Children thought to be among 25 dead in Syria blasts
Twenty-five people have been killed and 175 wounded in two explosions that targeted security compounds in the northern city of Aleppo, Syrian media reports.
State television blamed "terrorists" for the blasts, following the regime line that armed groups looking to destabilise Syria are behind the uprising.
Opposition activists accused President Bashar Assad's regime of setting off the explosions.
The blasts were the first significant violence in Aleppo, Syria's largest city, which has largely stood by President Bashar Assad during the nearly 11-month-old uprising against his rule.
The TV quoted the Health Ministry in giving the casualty figures.
Anti-Assad activists accused the regime of setting off the blasts to discredit the opposition and to overt protests that had been planned in the city today.
Two earlier bombings in Damascus in December and January that killed dozens prompted similar exchanges of accusations. There has been no claim of responsibility for any of the attacks.
Outside the compound of the Military Intelligence Directorate, hit by one of the morning explosions, a weeping correspondent on state-run TV showed graphic footage of at least five corpses, collected in sacks and under blankets by the side of the road.
Debris filled the street and residential buildings appeared to have their windows shattered. But the location did not appear to be closed off, as local residents milled around the site, with few uniformed police around.
No emergency vehicles or ambulances were visible in the footage and there was no sign of wounded, as earth-moving equipment was seen clearing the rubble.
The presenter said the blast went off near a park where children were playing and claimed children were also killed. Although it lingered over the adult bodies, the TV footage did not show any child victims.
The second blast went off outside the headquarters of a police force in another part of the city.
Mohammed Abu-Nasr, an Aleppo-based activist, blamed Assad's regime for the explosions, insisting the opposition would not carry out bombings in residential areas.
"Had the opposition wanted to detonate bombs they would not do that in a residential area," Abu-Nasr said. "The opposition and the Free Syrian Army don't kill civilians," he said, referring to the force of army defectors that frequently attacks regime military forces.
Abu-Nasr said the blasts came on a day when activists were planning wide protests in the city after the Friday prayers. "Despite the blasts, were will go out and protest today," he said.
So far, Assad's opponents have had little success in galvanising support in Aleppo, in part because the business leaders have long traded political freedoms for economic privileges.

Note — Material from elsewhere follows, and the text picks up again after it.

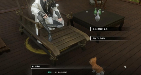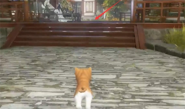 2、跟随自动寻路与方承意对话,操控猫咪进入亭子光圈触发梦境,前往府邸(315,184)寻找神秘花朵。

The city of around two million also has a large population of Kurds, who have mostly stayed on the sidelines of the uprising since Assad's regime began giving them citizenship, which they had long been denied.
The Aleppo blast was the latest in a string of bombings that the regime has sought to blame on the opposition, which denies any role. On January 6, a suicide attack in the capital Damascus killed 26 people. Two weeks earlier, 44 people were killed in a twin suicide bombings that targeted intelligence agency compounds in Damascus.
Assad's crackdown has killed more than 5,400 people since the uprising began in March.
In another development today, Syrian troops who for the past six days have been bombarding the city of Homs made their first ground move of the campaign to seize one of the city's restive neighbourhoods.
Soldiers backed by tanks pushed into the neighbourhood of Inshaat. The Britain-based Syrian Observatory for Human Rights said troops were going from house to house detaining people.
Hundreds of people are believed to have been killed in the past week in Homs from relentless shelling and gunfire on several rebellious neighbourhoods in the city.
Troops shelled parts of the city with tanks and heavy machine guns through the night until daylight, said Majd Amer, an activist in Khaldiyeh, one of the targeted districts. He said troops nearby appeared to be preparing to move into Khaldiyeh as well.